Валентин Дормидонтович отметил про себя, что на незнакомке нет обручального кольца. Тут же объявился внутренний голос и стал шептать, что могла спрятать его или потерять. Да, к чёрту все эти условности, когда вон, сколько разнообразия в двух шагах от него, а он обалденный такой никак не может рта отрыть. То, что она молчит, Пересказкин принял как признак хорошего воспитания и только потом подумал, что она может быть вообще глухонемая. Да ему всё это было сейчас до лампочки, поскольку вдруг пришла мысль о том, что ООН себя полностью исчерпала, ибо ручкается с фашизмом и не краснеет. И какого ляда она затесалась в первые ряды его размышлений? Тут можно сказать осталось выдохнуть и упасть в небо и потом пусть весь мир… Стоп… А если у неё справка? Ага, а Валентин Дормидонтович весь такой на старте. Нет, определённо надо полистать её медицинскую карточку. Нам вирусы не нужны. У нас своих завались… А может у неё миссия такая, после которой всем нам будет полный кирдык? Вот-вот, сидят эти посланцы Вселенной на диванах у одиноких мужчин и улыбаются, а потом по сигналу с космоса порубают всех на консервы и на своих звездолётах уберутся к себе на плантации.
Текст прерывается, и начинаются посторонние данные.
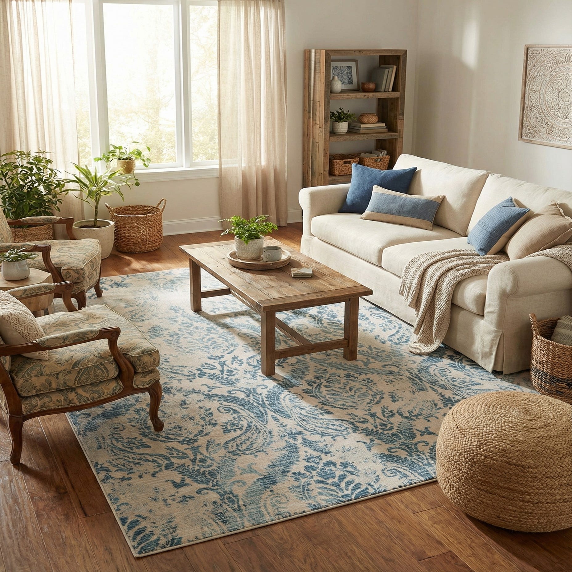 Woven from 100% polypropylene, the rug has a low, dense pile that feels smooth and slightly cushioned underfoot, with a subtle sheen where the light catches the raised pattern. Place it to anchor a living area with neutral sofas and painted wood furniture, layer it beneath a bed to introduce pattern and color to a serene bedroom, or use it in a dining room to lend classic character to modern chairs. Its blue-ground palette integrates easily with coastal, transitional, and softly traditional interiors.

Пересказкин почувствовал, как защипало у него в носу. Лицо вытянулось, и он чихнул, зажмурившись. Когда открыл глаза, никого в комнате не было: ни женщины, ни Мадрида. Валентин Дормидонтович огляделся по сторонам. Никого… Тут в комнату вошёл вразвалочку Мадрид. Пересказкин спросил его: «Ты видел?..» Кот посмотрел на него без всякого интереса. Ему все видения и искания хозяина были до лампочки.

На следующий день Валентин Дормидонтович сделал генеральную уборку. В этом вопросе он был неумолим и ничего не желал менять в распорядке дня и вообще он любил наводить порядок на своей территории.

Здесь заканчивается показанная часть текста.